Inside the Race to Secure the F1 Las Vegas Grand Prix

Each Formula 1 race weekend is essentially a pop-up event in a different city around the world, bringing together 10 teams, their cars and their entire mobile infrastructure in Australia, Singapore, Monaco and beyond. This weekend’s Las Vegas Grand Prix is particularly unpredictable, as it is the debut of Formula 1 in Sin City. Cold weather and unreliable drain cover on the track have already injected some chaos into the show. But as they prepared for the event, cybersecurity specialists from McLaren Racing, the city of Las Vegas and security firm Darktrace told WIRED they weren’t letting that deter them: all their work was to expect the unexpected.
Major live sporting events are a prime target for hackers because they are large, highly visible and attract international attention. Russia notorious attempt to target the 2018 Winter Olympics in South Korea, for example, disruptive attacks and hacks aimed at gathering information were included. All sports now incorporate advanced elements of digital analysis and quantified performance, but Formula 1 is a particularly data-intensive sport. Race cars are essentially giant sensor networks that move at over 200 miles per hour, generating enormous amounts of information. The quicker teams can analyze the numbers from the track, the quicker they can determine strategies and modifications to use in real time or in preparation for the final race of the weekend. But a denial of service attack on one of a team’s engineering systems, one that disrupts their real-time communications, or theft of intellectual property, could be disastrous for an F1 team.
“We are a very public sport,” says Ed Green, head of business technology at McLaren. “Our people are known and where we race is known and what we do is known. And while there is a lot that is unknown about our operations, much of what we do is public so people can find information and start targeting us. So what we’re trying to do is make sure that security is part of the team and a complementary part of what we do.
Green describes McLaren’s setup at each race as “an extension of the office for the weekend.” The infrastructure is a kind of mobile data center where, for example, the ground team works remotely from the headquarters garage. This means that a crucial part of the entire operation is reducing the latency of the digital connection between the runway and home base – a geographic and network distance that varies significantly from weekend to weekend. ‘other as the season unfolds around the world. Green says that during Brazil’s race in Sao Paulo in early November, McLaren was connected to its headquarters in England just 223 milliseconds late.
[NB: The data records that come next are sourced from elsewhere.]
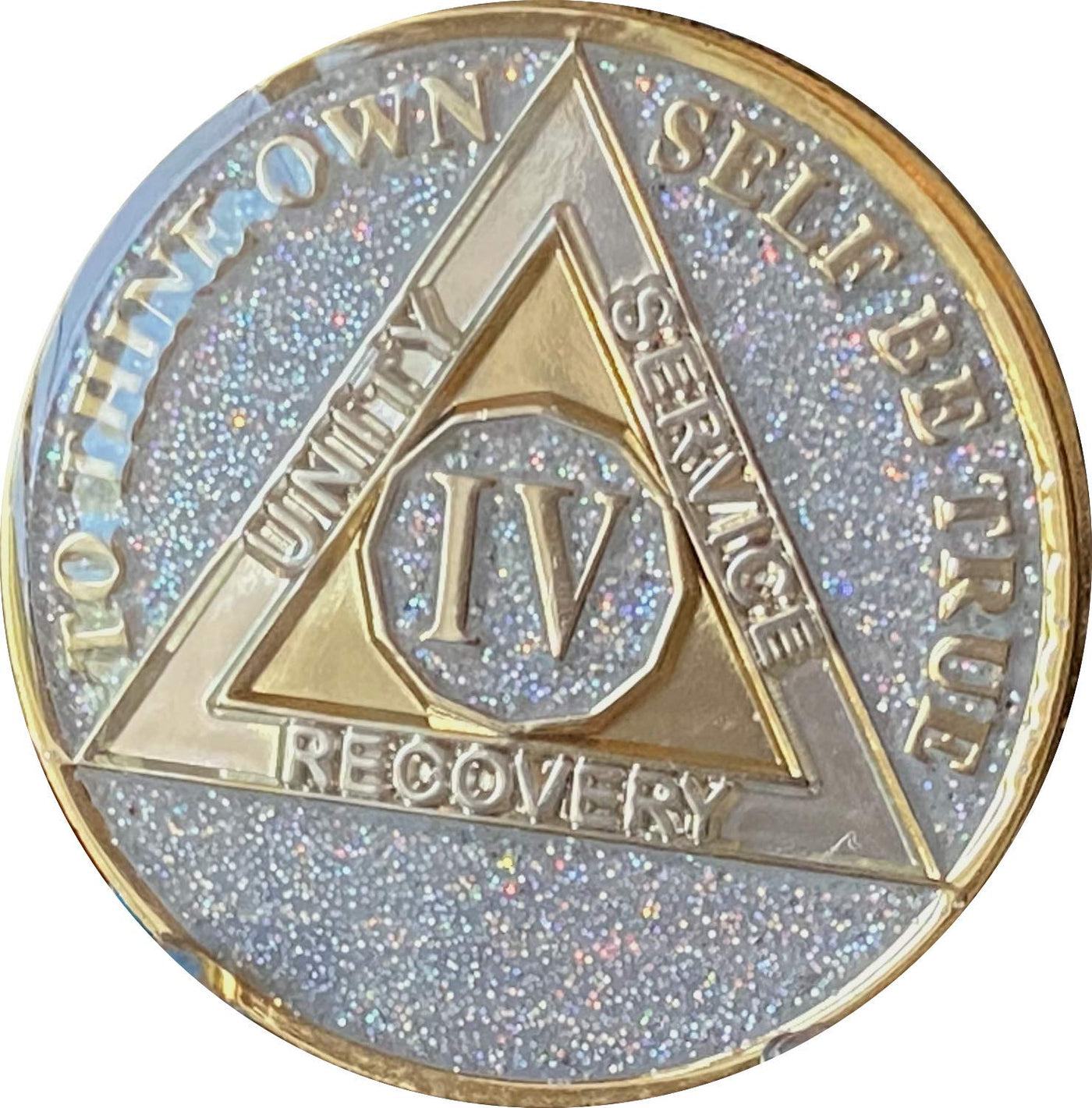 4 Year Aa Medallion In Silver Opal Glitter Multi-Color Color. This Is A Tri-Plate Sobriety Chip With Gold And Nickel Plating And A Glass Like Epoxy Dome. Serenity Prayer On The Back. 1 3/8 Diameter Size. Excellent Recovery Gift For Members Of Alcoholics Anonymous
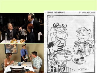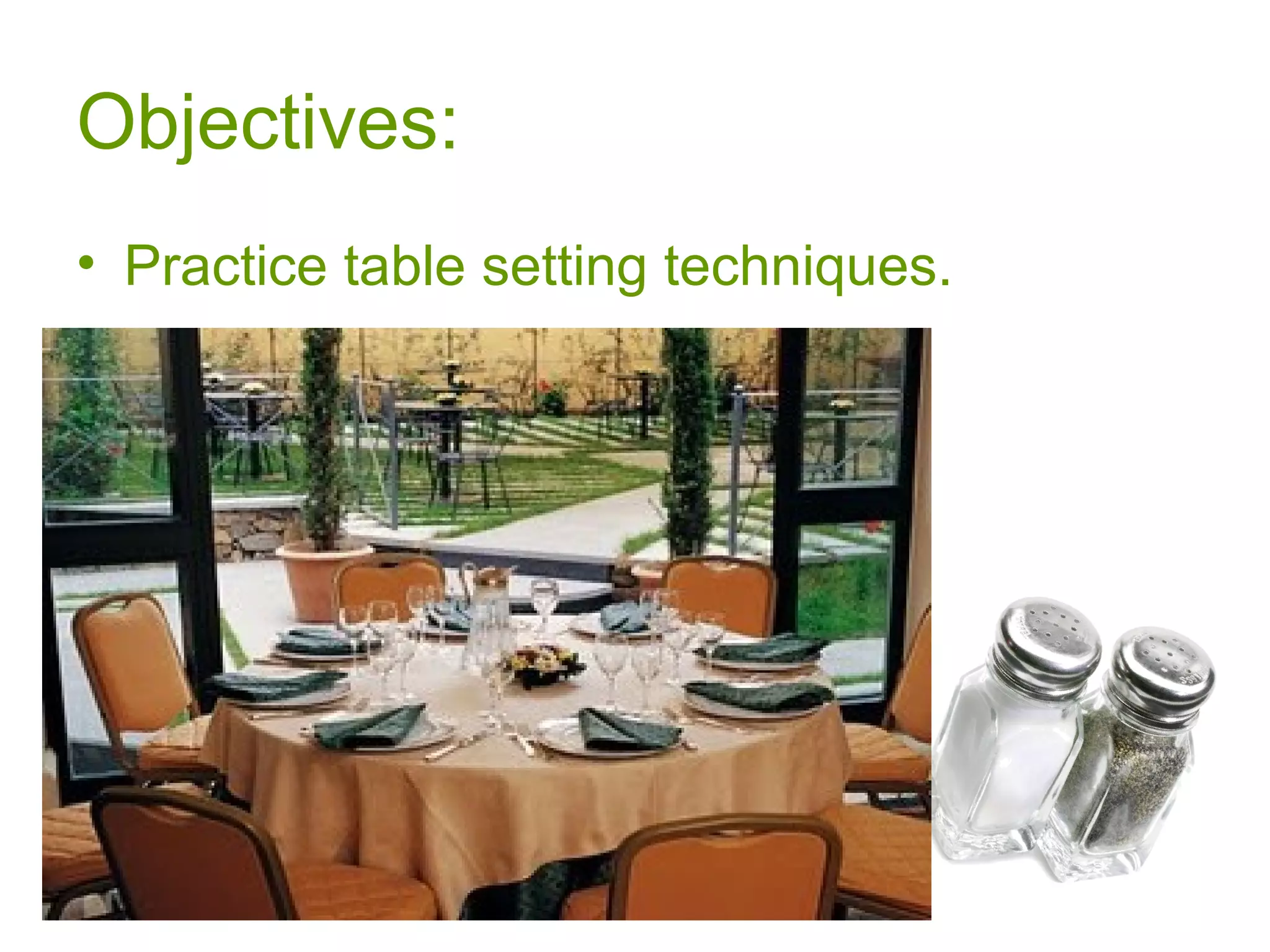 The document outlines the basic principles of table setting including the three components of a place setting (dinnerware, flatware, and glassware). It describes how to properly arrange each item according to 6 rules for dinnerware and 4 rules for flatware placement. Glassware should be placed at the tip of the knife blade or slightly forward. The napkin can be placed in various positions so as not to disturb other items. Following basic table setting and serving techniques can enhance relationships and create a pleasant atmosphere for communication at the table.
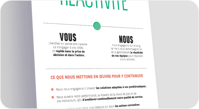 Business is ON ENGAGEMENT N°3 RÉACTIVITÉ VOUS NOUS cherchez un partenaire capable nous engageons sur le long de s’engager à vos côtés, terme à vous accompagner en et rapide dans la prise de vous garantissant la réactivité décision et dans l’action. de nos équipes pour répondre à vos attentes. CE QUE NOUS METTONS EN ŒUVRE POUR Y CONTRIBUER Nous nous engageons à trouver les solutions adaptées à vos problématiques. Nous suivons notre performance, au travers de la revue de parc et de ses indicateurs, afin d’améliorer continuellement notre qualité de service. Nous validons avec vous, puis mettons en place les actions correctives pour l’utilisation optimale de vos matériels. Nous mesurons régulièrement la satisfaction de nos clients, puis nous définissons des plans d’action pour l’améliorer.
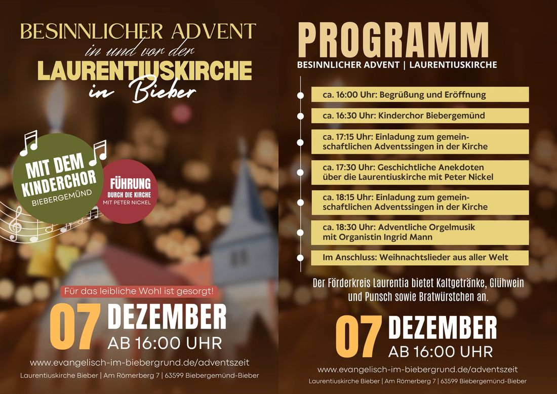 Anders als in den vergangenen Jahren lädt die Evangelische Kirchengemeinde Biebergemünd gemeinsam mit dem Förderkreis Laurentia zum ‚Besinnlichen Advent in und vor der Laurentiuskirche‘ im Biebergemünder Ortsteil Bieber ein.
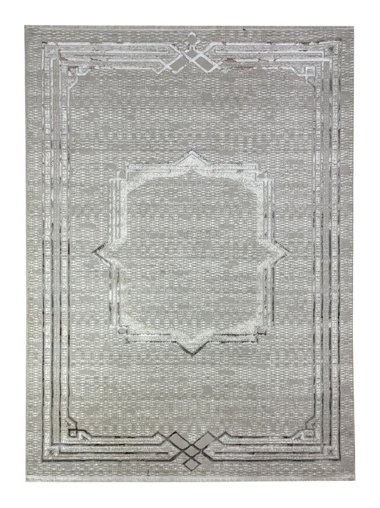 Turkish Top Quality Silk.(Article-1999-Grey , Off white ) Size: 6.6 ft width x 9.6 ft length (200cm x 290cm)
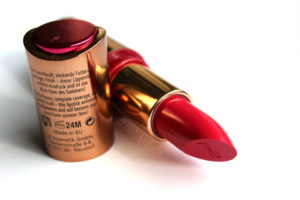 Was ich aber nach einigem Testen nun definitiv als Minuspunkt an den Lippenstiften wahrnehmen musste, war leider die stark abgeschrägte Form der Lippenstifte, die den Auftrag erschweren. Als ich dann den pinken Lippenstift dann auch öfter benutzt habe, habe ich gemerkt, dass ich durch die schräge Form den Lippenstift nach hinten gedrückt habe, wodurch der Lippenstift sich beim Hoch- und Runterdrehen an der Hülse entlangschrammte…
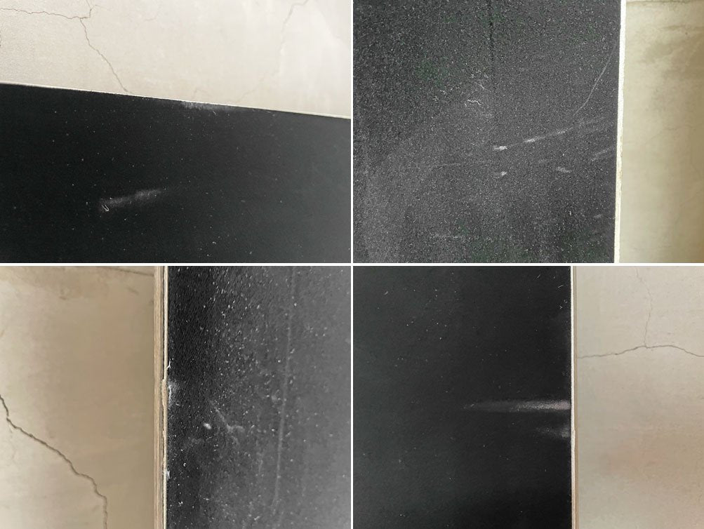 使用に伴う複数の傷や打痕、ペイントの剥がれや裏面布地の凹みや擦れが見受けられます。
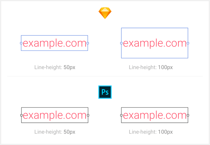 One advantage of using Sketch is that it renders text objects with the same logic. Photoshop element sizes do not depend on line-height.

“We pull 1.5 terabytes of data per weekend and run 50 million simulations over the course of a weekend. And I would divide the importance of cybersecurity into several different categories,” said Zak Brown, CEO of McLaren. “We own the design intellectual property for our race car, and these are highly confidential trade secrets that we move around a lot. We deal with third parties and run all over the world. And then we have all the data that’s happening on the race track, where we’re literally making split-second decisions.
Darktrace, which provides digital defense services for McLaren and has also worked for years with the city of Las Vegas on its cybersecurity, claims that phishing, business email compromiseand other scams are the types of attacks that its real-time, artificial intelligence-based threat monitoring system detects and blocks most often related to Formula 1, every day and during the weekends of race.